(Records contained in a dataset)
☆ ☆ ☆ ☆ ☆ ☆ ☆

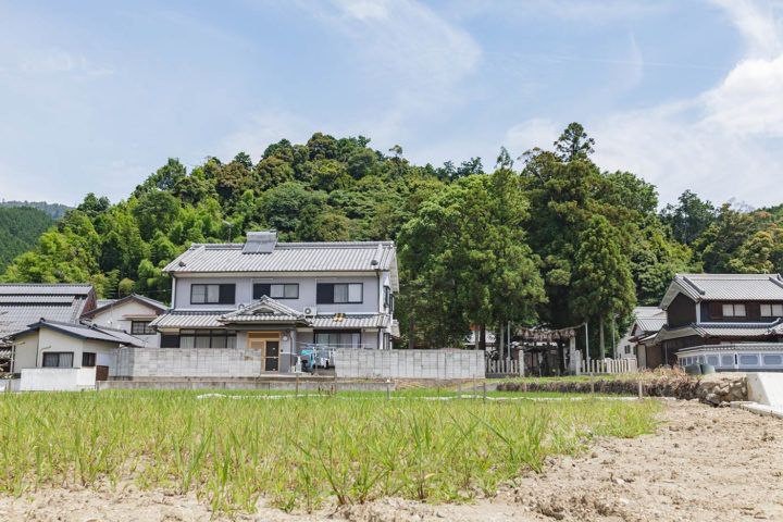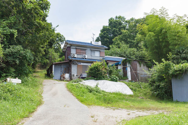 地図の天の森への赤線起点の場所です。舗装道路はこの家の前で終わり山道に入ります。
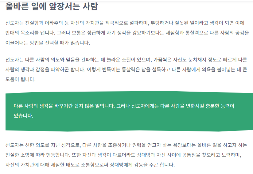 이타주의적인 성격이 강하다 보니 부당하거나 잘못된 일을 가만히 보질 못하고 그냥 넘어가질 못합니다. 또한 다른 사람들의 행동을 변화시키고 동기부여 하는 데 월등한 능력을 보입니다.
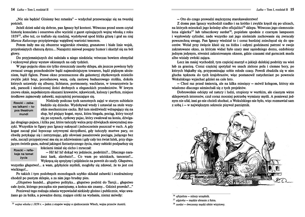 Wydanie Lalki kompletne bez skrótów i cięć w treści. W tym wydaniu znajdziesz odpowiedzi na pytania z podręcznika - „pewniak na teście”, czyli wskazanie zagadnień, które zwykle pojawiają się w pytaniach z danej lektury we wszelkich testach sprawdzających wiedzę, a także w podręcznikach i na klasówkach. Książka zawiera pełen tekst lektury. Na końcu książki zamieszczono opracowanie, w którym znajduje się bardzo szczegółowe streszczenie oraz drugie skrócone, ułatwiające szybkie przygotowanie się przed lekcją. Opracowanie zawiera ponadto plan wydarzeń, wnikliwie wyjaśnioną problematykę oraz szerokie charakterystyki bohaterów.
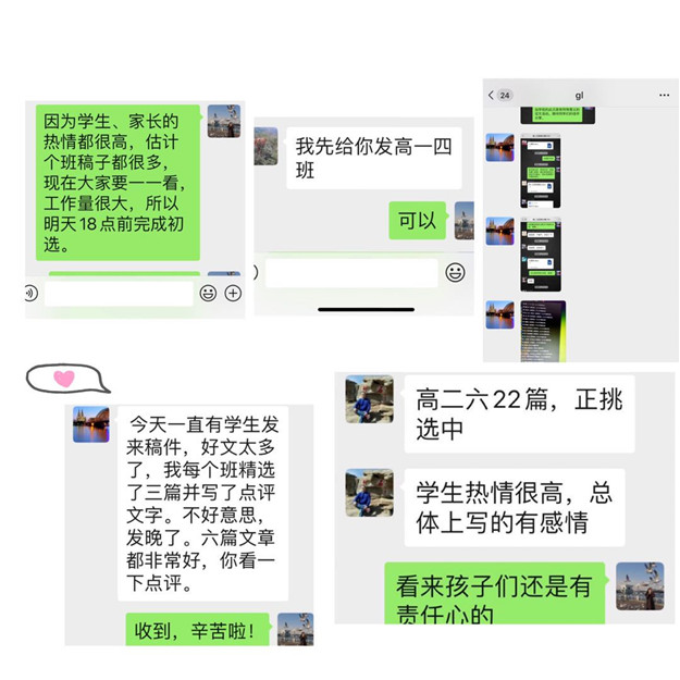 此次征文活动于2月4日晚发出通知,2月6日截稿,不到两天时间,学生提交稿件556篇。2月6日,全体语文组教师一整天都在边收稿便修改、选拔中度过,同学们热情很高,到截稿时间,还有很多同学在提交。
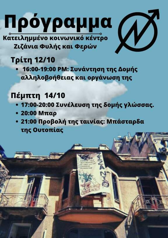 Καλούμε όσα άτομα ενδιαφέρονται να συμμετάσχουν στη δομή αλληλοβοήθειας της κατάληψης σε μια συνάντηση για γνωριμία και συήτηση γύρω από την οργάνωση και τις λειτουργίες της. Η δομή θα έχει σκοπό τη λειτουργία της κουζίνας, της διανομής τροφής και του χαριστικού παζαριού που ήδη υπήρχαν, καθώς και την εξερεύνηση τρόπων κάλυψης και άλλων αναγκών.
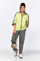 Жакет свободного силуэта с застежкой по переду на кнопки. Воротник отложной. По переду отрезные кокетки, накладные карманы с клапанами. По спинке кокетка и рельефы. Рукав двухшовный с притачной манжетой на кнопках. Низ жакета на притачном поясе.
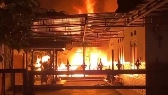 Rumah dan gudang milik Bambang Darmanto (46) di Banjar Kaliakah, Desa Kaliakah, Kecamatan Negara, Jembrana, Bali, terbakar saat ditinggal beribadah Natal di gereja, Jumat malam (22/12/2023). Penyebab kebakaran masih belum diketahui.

☆ ☆ ☆ ☆ ☆ ☆ ☆

Exercise brief ▸ Repeat each record verbatim, pictures excluded.

Task solution ▸
 地図の天の森への赤線起点の場所です。舗装道路はこの家の前で終わり山道に入ります。
 이타주의적인 성격이 강하다 보니 부당하거나 잘못된 일을 가만히 보질 못하고 그냥 넘어가질 못합니다. 또한 다른 사람들의 행동을 변화시키고 동기부여 하는 데 월등한 능력을 보입니다.
 Wydanie Lalki kompletne bez skrótów i cięć w treści. W tym wydaniu znajdziesz odpowiedzi na pytania z podręcznika - „pewniak na teście”, czyli wskazanie zagadnień, które zwykle pojawiają się w pytaniach z danej lektury we wszelkich testach sprawdzających wiedzę, a także w podręcznikach i na klasówkach. Książka zawiera pełen tekst lektury. Na końcu książki zamieszczono opracowanie, w którym znajduje się bardzo szczegółowe streszczenie oraz drugie skrócone, ułatwiające szybkie przygotowanie się przed lekcją. Opracowanie zawiera ponadto plan wydarzeń, wnikliwie wyjaśnioną problematykę oraz szerokie charakterystyki bohaterów.
 此次征文活动于2月4日晚发出通知,2月6日截稿,不到两天时间,学生提交稿件556篇。2月6日,全体语文组教师一整天都在边收稿便修改、选拔中度过,同学们热情很高,到截稿时间,还有很多同学在提交。
 Καλούμε όσα άτομα ενδιαφέρονται να συμμετάσχουν στη δομή αλληλοβοήθειας της κατάληψης σε μια συνάντηση για γνωριμία και συήτηση γύρω από την οργάνωση και τις λειτουργίες της. Η δομή θα έχει σκοπό τη λειτουργία της κουζίνας, της διανομής τροφής και του χαριστικού παζαριού που ήδη υπήρχαν, καθώς και την εξερεύνηση τρόπων κάλυψης και άλλων αναγκών.
 Жакет свободного силуэта с застежкой по переду на кнопки. Воротник отложной. По переду отрезные кокетки, накладные карманы с клапанами. По спинке кокетка и рельефы. Рукав двухшовный с притачной манжетой на кнопках. Низ жакета на притачном поясе.
 Rumah dan gudang milik Bambang Darmanto (46) di Banjar Kaliakah, Desa Kaliakah, Kecamatan Negara, Jembrana, Bali, terbakar saat ditinggal beribadah Natal di gereja, Jumat malam (22/12/2023). Penyebab kebakaran masih belum diketahui.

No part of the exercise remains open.